It seems that many civilizations throughout time have celebrated some sort of fertility custom... The Romans had Lupercalia and raised a glass to Faunus their god of fertility. Somehow Romulus and Remus get involved too, but I digress... this was eclipsed by a Saints commemoration. The story goes that this martyr healed his jailers daughter before his sentenced death. An expression of compassion, empathy and kindness in the face of evil. So in this story love and dedication to doing the right thing initiate feast day on a church calendar...
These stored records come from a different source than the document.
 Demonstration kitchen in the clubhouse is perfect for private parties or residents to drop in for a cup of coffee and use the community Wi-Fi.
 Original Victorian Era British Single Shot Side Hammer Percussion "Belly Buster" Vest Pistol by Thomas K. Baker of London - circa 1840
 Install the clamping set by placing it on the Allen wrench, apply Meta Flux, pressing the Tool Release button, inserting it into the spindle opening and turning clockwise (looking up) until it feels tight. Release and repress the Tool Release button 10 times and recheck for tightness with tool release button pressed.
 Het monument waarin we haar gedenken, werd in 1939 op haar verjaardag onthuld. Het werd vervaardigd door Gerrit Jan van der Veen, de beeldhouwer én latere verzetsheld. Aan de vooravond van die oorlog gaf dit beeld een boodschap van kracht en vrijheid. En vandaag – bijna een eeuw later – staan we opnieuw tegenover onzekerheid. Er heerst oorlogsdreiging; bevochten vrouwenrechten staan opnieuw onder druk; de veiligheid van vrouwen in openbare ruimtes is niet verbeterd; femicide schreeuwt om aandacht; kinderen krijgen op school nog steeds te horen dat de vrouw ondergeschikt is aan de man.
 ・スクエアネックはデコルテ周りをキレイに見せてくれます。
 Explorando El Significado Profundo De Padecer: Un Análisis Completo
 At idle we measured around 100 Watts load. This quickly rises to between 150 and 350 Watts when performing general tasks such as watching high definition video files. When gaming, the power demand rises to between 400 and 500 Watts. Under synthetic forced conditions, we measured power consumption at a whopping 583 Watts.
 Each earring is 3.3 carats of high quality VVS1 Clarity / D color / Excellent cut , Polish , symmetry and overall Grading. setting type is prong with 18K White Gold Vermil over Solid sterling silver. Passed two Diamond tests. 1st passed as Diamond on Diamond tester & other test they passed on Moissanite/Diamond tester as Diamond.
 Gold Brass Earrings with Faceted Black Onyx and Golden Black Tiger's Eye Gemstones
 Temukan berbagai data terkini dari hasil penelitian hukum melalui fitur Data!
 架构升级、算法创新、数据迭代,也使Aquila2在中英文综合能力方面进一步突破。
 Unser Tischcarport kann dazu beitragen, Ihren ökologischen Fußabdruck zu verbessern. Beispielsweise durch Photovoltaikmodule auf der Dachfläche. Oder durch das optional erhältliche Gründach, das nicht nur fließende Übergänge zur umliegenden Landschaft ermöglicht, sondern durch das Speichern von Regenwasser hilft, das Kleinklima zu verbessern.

|Apparently, Faunus had crazy hair... and hooves|
The Christian spin is built upon many years after St. Valentine of Rome was commemorated, read: made a St. on 14 February 496. There seems to be at least one other St Valentines which some Eastern Christian churches recognize - and they ascribe 23 July as the big day. Some say the St was martyred around 270 AD... sketchy huh? But I digress. So how did we get to the hearts and candy?
Chaucer did it. Around 1367, Geoffrey Chaucer a poet of great import along with others of his time decided to formalize expressions of love such as gifts of flowers or sweet treats as a "humanist" reaction to the puritanical views of the Catholic Church at that time.
The date is special for a few other reasons: Capt James Cook expired on this day, as did General Tecumseh Sherman. On a brighter note, Oregon and Arizona became states on this date.
I say it's a pretty darned good day and I hope you are fortunate enough to share it with someone special to you!